Transcribe exactly the lines below that begin at the line with "مجموعة زجاجات فاخرة" and stop after the line with "The Boogie® Micro-Mist", leaving out every picture.

**** Data supplied ****

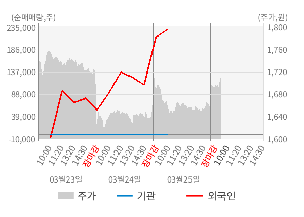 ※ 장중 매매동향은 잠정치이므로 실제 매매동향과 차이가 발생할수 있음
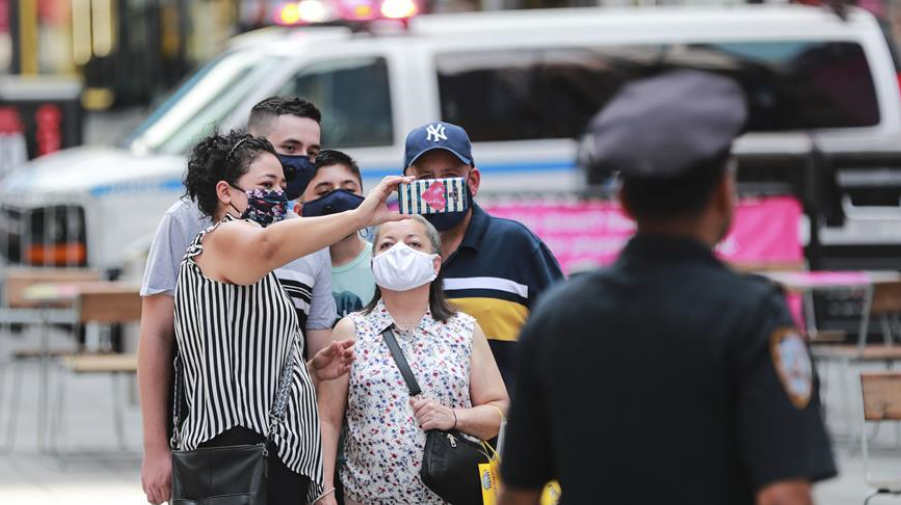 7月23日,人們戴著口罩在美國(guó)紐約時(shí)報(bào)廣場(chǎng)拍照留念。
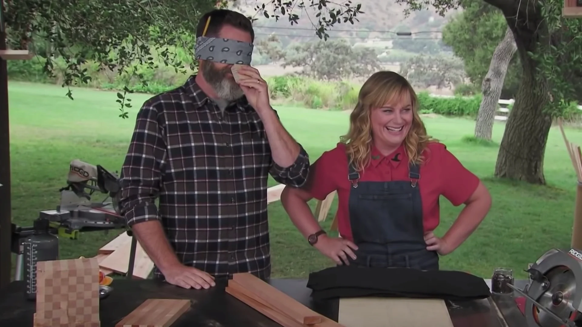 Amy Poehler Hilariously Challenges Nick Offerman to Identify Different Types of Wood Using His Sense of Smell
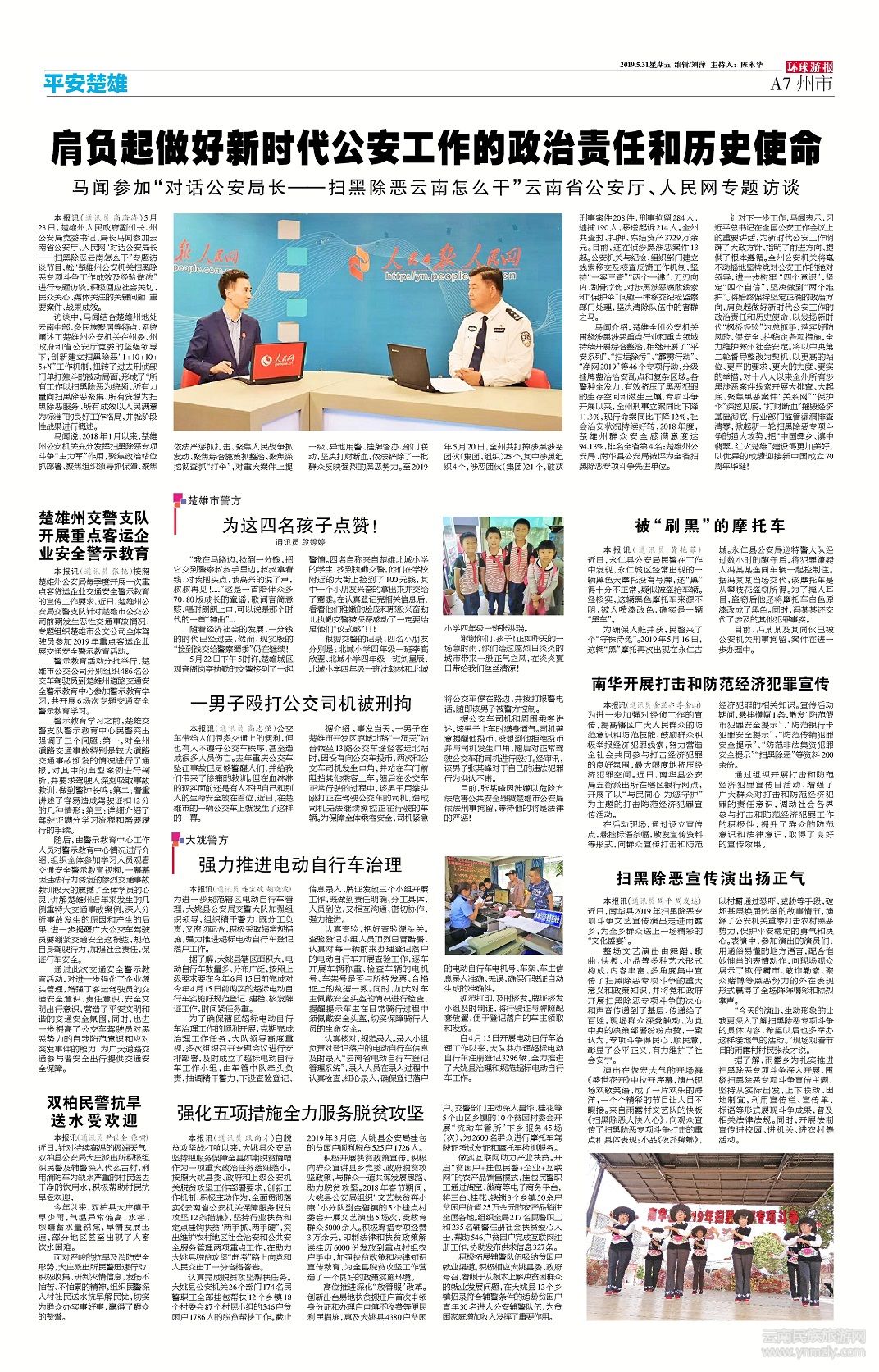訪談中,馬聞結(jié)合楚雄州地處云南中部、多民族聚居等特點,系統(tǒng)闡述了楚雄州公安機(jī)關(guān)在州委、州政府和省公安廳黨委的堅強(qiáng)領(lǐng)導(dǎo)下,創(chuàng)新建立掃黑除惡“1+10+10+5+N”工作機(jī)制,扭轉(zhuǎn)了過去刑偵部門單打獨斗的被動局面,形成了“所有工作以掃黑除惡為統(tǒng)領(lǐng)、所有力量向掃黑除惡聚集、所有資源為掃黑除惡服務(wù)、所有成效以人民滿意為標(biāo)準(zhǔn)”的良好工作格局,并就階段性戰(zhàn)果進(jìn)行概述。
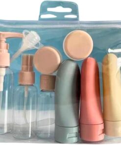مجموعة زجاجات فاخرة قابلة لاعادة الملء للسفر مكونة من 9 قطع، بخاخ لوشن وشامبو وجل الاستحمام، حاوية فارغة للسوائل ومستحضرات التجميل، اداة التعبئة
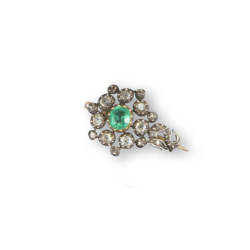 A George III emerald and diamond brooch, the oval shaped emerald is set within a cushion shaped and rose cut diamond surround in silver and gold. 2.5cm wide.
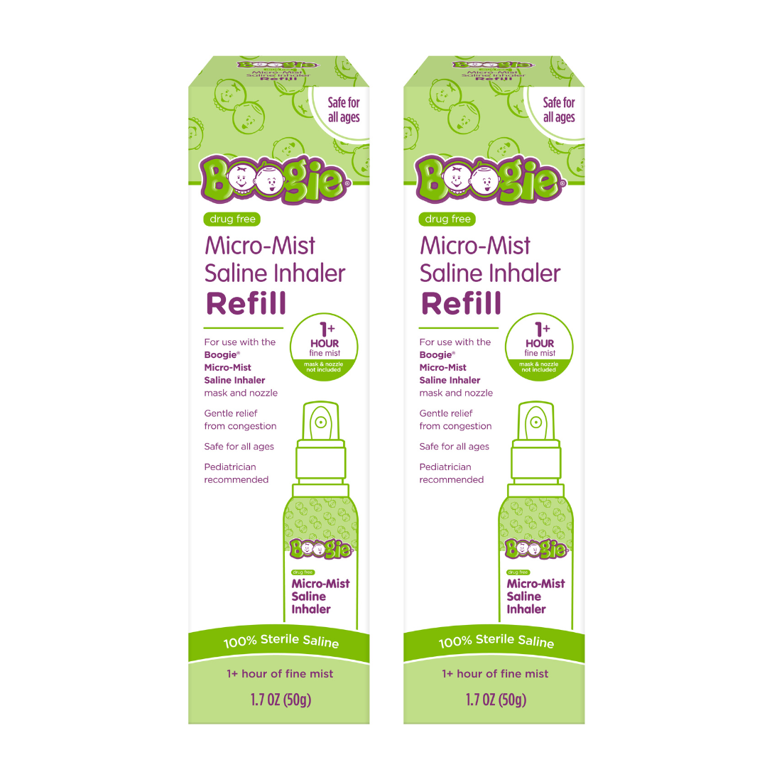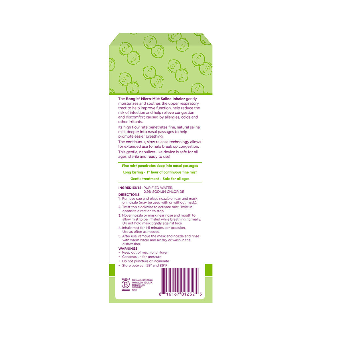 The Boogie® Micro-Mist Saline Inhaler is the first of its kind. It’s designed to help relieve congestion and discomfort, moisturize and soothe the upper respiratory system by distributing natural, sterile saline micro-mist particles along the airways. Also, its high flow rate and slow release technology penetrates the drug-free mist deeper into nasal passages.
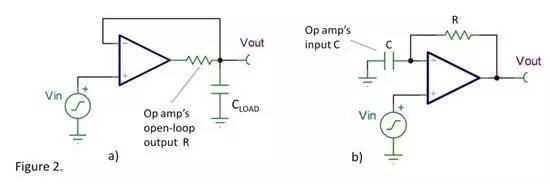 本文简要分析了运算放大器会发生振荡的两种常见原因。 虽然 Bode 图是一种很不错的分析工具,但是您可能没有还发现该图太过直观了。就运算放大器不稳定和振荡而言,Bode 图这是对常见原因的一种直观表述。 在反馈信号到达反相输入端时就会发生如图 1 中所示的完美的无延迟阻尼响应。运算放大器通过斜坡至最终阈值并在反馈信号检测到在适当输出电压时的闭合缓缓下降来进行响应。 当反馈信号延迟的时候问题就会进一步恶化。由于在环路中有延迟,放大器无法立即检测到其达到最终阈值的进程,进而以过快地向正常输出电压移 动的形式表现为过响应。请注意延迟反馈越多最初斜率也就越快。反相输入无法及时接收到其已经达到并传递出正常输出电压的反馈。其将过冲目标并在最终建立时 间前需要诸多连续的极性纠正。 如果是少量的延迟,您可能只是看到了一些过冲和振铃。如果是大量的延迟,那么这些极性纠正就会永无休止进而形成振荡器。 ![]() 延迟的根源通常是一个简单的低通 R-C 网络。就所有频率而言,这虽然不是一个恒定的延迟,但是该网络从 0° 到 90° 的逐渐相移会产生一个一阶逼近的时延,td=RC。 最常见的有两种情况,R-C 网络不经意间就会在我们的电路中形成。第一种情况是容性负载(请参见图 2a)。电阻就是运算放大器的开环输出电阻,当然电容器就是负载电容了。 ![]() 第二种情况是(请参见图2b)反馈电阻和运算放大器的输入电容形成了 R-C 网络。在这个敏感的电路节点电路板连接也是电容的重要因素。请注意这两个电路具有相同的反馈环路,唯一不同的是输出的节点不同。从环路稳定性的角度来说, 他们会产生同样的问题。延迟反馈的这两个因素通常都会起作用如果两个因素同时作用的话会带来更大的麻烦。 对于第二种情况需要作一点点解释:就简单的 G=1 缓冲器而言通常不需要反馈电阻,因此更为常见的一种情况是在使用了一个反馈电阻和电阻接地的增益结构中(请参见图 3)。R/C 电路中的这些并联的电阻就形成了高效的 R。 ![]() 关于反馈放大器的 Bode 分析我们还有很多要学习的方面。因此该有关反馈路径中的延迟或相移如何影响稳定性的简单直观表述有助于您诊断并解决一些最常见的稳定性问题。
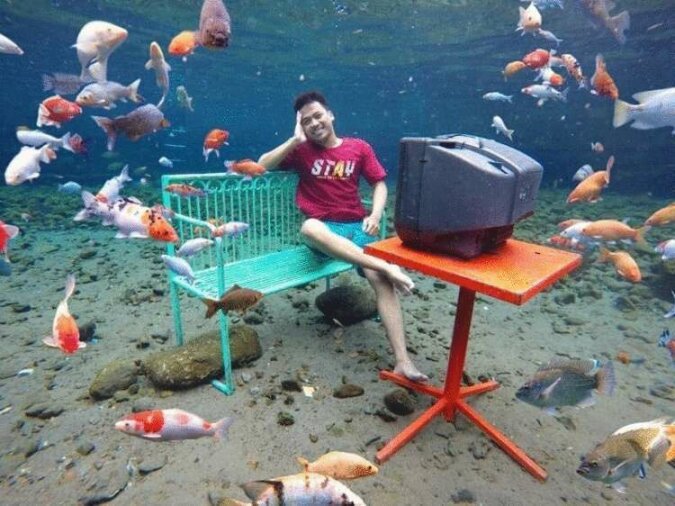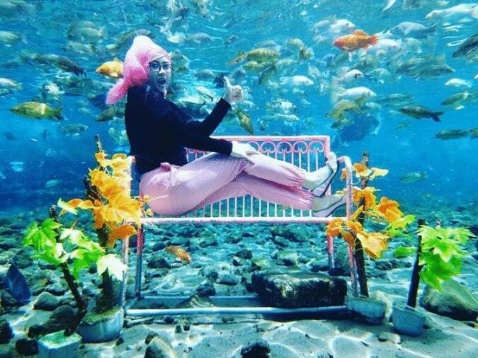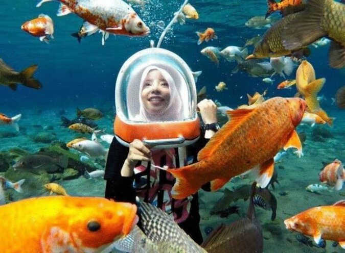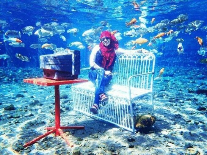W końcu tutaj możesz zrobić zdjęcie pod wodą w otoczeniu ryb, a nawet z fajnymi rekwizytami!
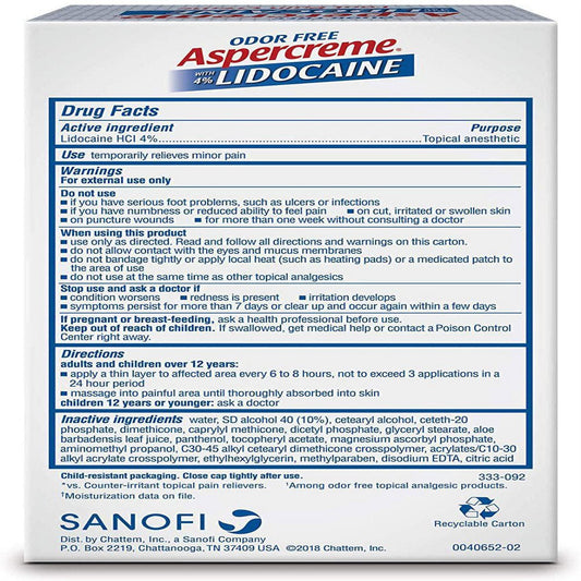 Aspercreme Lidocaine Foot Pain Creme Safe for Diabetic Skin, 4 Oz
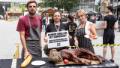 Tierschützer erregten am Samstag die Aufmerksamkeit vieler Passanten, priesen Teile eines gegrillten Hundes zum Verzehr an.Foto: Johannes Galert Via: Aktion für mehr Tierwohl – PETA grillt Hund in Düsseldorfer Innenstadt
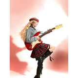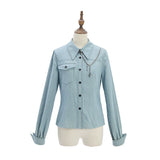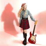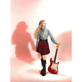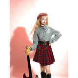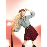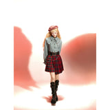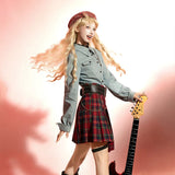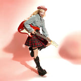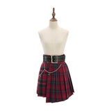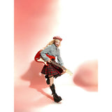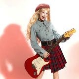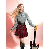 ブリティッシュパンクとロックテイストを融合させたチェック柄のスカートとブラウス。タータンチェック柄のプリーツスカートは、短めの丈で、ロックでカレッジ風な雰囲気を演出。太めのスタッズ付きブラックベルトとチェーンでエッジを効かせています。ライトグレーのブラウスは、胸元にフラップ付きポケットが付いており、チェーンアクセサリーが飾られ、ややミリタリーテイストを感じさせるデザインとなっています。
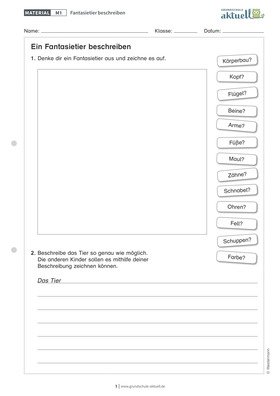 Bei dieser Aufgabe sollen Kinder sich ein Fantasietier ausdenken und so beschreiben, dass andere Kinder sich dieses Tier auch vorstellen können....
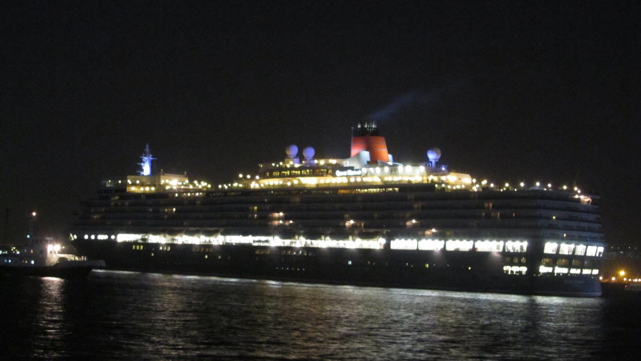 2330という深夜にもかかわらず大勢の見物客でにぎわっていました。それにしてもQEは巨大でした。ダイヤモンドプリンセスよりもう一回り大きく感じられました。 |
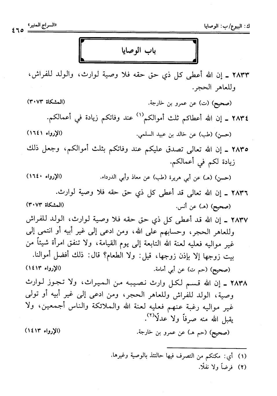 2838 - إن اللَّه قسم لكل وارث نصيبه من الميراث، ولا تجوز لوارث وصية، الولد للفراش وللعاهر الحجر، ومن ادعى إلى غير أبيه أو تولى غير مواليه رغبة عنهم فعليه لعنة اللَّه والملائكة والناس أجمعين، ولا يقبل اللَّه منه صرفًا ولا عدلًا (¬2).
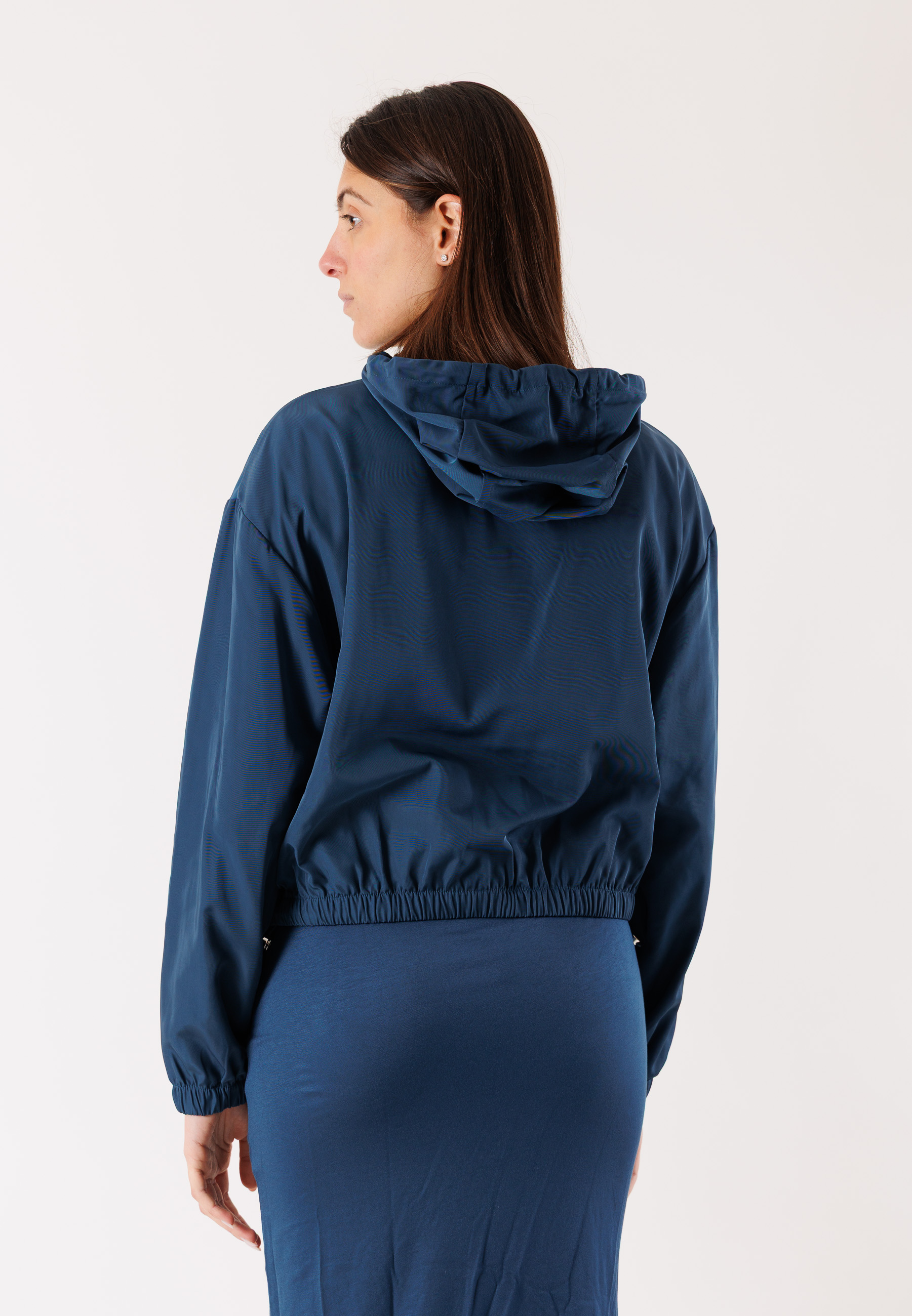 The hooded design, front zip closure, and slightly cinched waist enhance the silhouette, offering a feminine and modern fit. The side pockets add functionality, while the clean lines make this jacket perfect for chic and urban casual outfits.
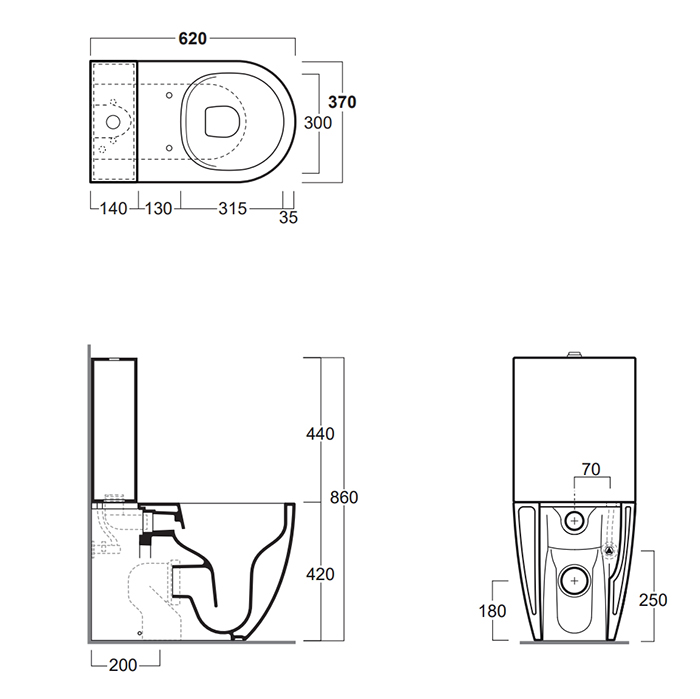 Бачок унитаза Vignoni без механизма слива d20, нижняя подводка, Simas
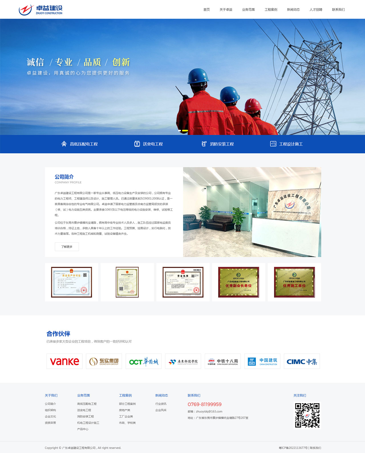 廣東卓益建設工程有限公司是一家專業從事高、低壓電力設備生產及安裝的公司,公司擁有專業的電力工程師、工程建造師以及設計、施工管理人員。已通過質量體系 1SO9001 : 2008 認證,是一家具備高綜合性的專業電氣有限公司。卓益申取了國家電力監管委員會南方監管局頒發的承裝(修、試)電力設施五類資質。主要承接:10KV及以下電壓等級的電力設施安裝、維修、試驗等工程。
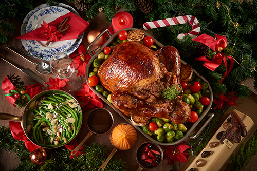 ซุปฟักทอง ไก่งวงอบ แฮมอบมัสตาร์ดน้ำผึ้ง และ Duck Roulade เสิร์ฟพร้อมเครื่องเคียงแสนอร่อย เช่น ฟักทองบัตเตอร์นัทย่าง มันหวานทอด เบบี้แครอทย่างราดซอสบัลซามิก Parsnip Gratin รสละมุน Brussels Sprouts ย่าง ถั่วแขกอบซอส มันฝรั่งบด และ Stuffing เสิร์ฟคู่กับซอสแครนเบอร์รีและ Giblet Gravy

****

### Solution
مجموعة زجاجات فاخرة قابلة لاعادة الملء للسفر مكونة من 9 قطع، بخاخ لوشن وشامبو وجل الاستحمام، حاوية فارغة للسوائل ومستحضرات التجميل، اداة التعبئة
 A George III emerald and diamond brooch, the oval shaped emerald is set within a cushion shaped and rose cut diamond surround in silver and gold. 2.5cm wide.
 The Boogie® Micro-Mist Saline Inhaler is the first of its kind. It’s designed to help relieve congestion and discomfort, moisturize and soothe the upper respiratory system by distributing natural, sterile saline micro-mist particles along the airways. Also, its high flow rate and slow release technology penetrates the drug-free mist deeper into nasal passages.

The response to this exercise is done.